Tracking obesity

Data suggest the trend is leveling off

The nonstop rise in childhood obesity in the United States is showing the first signs of slackening since the trend took hold more than two decades ago, a new study finds. While promising, the findings also confirm the unsettling reality that one-third of U.S. children remain overweight or obese and face a heightened risk of medical problems as a result.

The Centers for Disease Control and Prevention made the new determination based on health exam data from 8,165 children ages 2 to 19. The researchers found no significant change in the percentage of overweight or obese kids during the years 1999 to 2006. The analysis appears in the May 28 Journal of the American Medical Association.

“We’ve had 25 years of overwhelmingly bad news about childhood obesity,” says David Ludwig, a pediatric endocrinologist at HarvardMedicalSchool and Children’s Hospital in Boston. “This study provides the first glimmer of hope, but it’s too soon to tell whether the data present a true plateau of obesity rates or just a temporary lull.”

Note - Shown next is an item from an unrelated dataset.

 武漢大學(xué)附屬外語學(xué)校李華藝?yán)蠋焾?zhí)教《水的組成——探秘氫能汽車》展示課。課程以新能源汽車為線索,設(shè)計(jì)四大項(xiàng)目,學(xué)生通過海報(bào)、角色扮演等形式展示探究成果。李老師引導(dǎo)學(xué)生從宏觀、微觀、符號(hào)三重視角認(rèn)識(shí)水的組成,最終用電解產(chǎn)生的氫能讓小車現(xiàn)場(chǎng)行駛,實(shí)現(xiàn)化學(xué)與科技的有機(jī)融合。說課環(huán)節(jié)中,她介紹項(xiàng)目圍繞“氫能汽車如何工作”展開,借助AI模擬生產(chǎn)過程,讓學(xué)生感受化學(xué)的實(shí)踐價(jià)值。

While experts have debated the definition of what constitutes an overweight or obese child, a panel of scientists that convened last year identified obese children as those in the 95th percentile or higher for weight when compared with the standard child’s growth chart, established in the 1960s. Kids in the 85th to 94th percentile are overweight, the panel decided. The new study finds no significant change in the percentage of children in these very ranges.

Meanwhile, the historical picture shows how far the obesity epidemic has gone.

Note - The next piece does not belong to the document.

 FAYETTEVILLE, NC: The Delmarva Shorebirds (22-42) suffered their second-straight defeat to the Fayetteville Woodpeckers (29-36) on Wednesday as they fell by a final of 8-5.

Using the 95th percentile as a definition of obesity, such children included 5 percent of all kids in the 1960s. Now they account for 16 percent, says study coauthor Cynthia Ogden, an epidemiologist at the CDC’s NationalCenter for Health Statistics in Hyattsville, Md. And while kids considered to be overweight — the 85th to 94th percentile group — accounted for 10 percent of all children in the 1960s, they now are now 16 percent of the whole, she says.

Ogden and her colleagues used body mass index, a calculation of weight in relationship to height, in making their weight measurements. While BMI can be inexact — it doesn’t measure actual body fat, after all — it is pretty good at spotting people who are clearly obese or overweight, she says.

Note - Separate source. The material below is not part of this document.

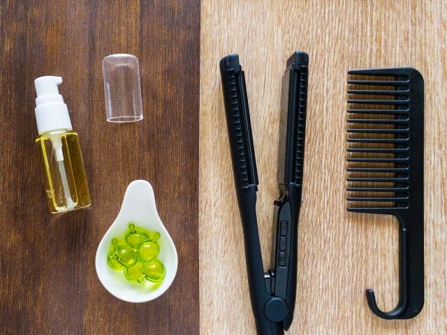 準備するものは、ヘアオイル、ストロー、ヘアアイロン、キッチンペーパー。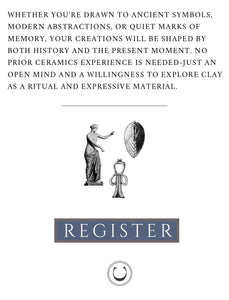 Whether you're drawn to ancient symbols, modern abstractions, or quiet marks of memory, your creations will be shaped by both history and the present moment. No prior ceramics experience is needed—just an open mind and a willingness to explore clay as a ritual and expressive material.

While the findings don’t represent an improvement in the obesity rate, “this is certainly not bad news,” Ogden says. “We can be cautiously optimistic that it’s leveling off.”

Nevertheless, the problem seems to be lingering, says Terry Huang, a public health scientist at the National Institute of Child Health and Human Development in Rockville, Md. “What struck me is that the prevalence level has stayed consistently very high,” says Huang, an obesity researcher who was not involved with this study. “One-third of children — this is a large segment of the population.”

The effects of these added pounds show up in more high blood pressure and increased rates of type 2 diabetes in adolescents. Later, excess weight also increases the risk of heart disease and other problems.

“Without substantial declines in obesity prevalence,” Ludwig says, “the toll of this epidemic will continue to mount because it can take many years for those children to develop weight-related complications.”